Aim of the exercise →
When you output the records, match them exactly and omit any picture they include.

*** The input Section Begins ***

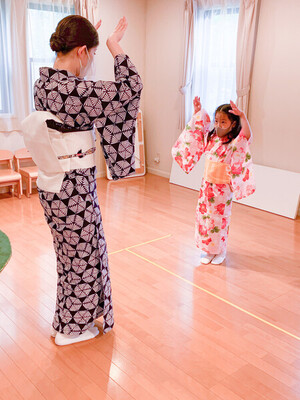 さらに「体操教室」では、ボール運動や駆け足、マット運動などを通して、子ども達の運動能力を育み、「日本舞踊教室」では日本舞踊の踊りにとどまらず、着物や三味線の音、お扇子の扱い方など、様々な日本の文化に触れて教養を身につける機会を提供しています。
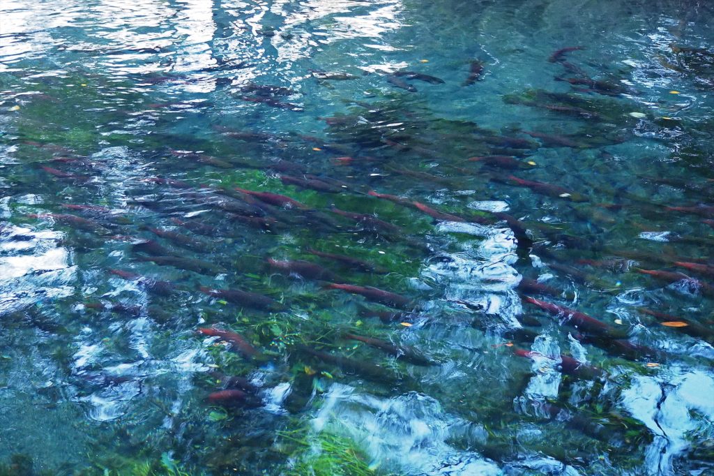 産卵のために遡上してきた、ヒメマスの大群!! 婚姻色の赤が目に鮮やかです。
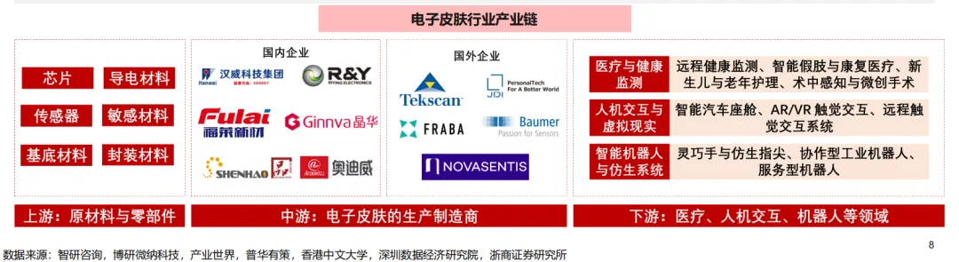 电子皮肤行业产业链上主要包括:
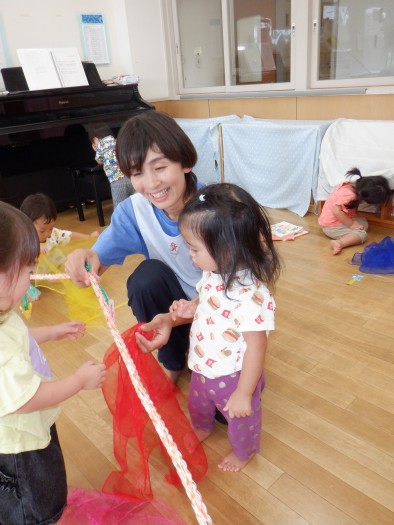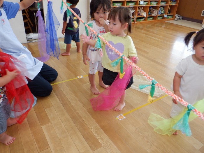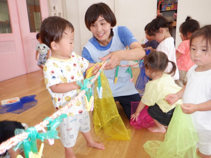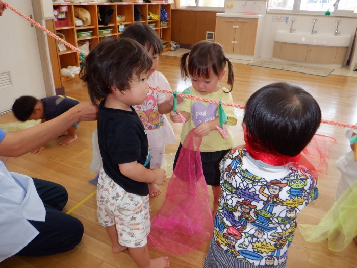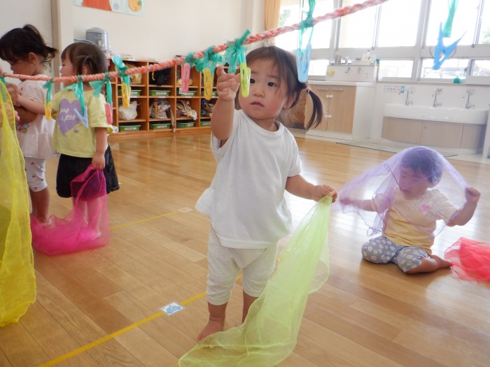 洗濯ばさみとゴースを使って洗濯ごっこをしました。
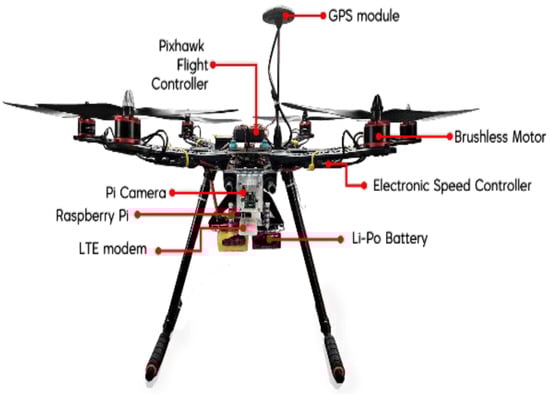 Furthermore, the FC is connected to the Electronic Speed Controller (ESC), which adjoins the drone’s brushless motor. Each of the drone components is interconnected, powered by a lithium-ion polymer (Li-Po) battery. Figure 5 shows the developed LTE-powered drone prototype.

*** The input Section Ends ***

Solution for this exercise →
 さらに「体操教室」では、ボール運動や駆け足、マット運動などを通して、子ども達の運動能力を育み、「日本舞踊教室」では日本舞踊の踊りにとどまらず、着物や三味線の音、お扇子の扱い方など、様々な日本の文化に触れて教養を身につける機会を提供しています。
 産卵のために遡上してきた、ヒメマスの大群!! 婚姻色の赤が目に鮮やかです。
 电子皮肤行业产业链上主要包括:
 洗濯ばさみとゴースを使って洗濯ごっこをしました。
 Furthermore, the FC is connected to the Electronic Speed Controller (ESC), which adjoins the drone’s brushless motor. Each of the drone components is interconnected, powered by a lithium-ion polymer (Li-Po) battery. Figure 5 shows the developed LTE-powered drone prototype.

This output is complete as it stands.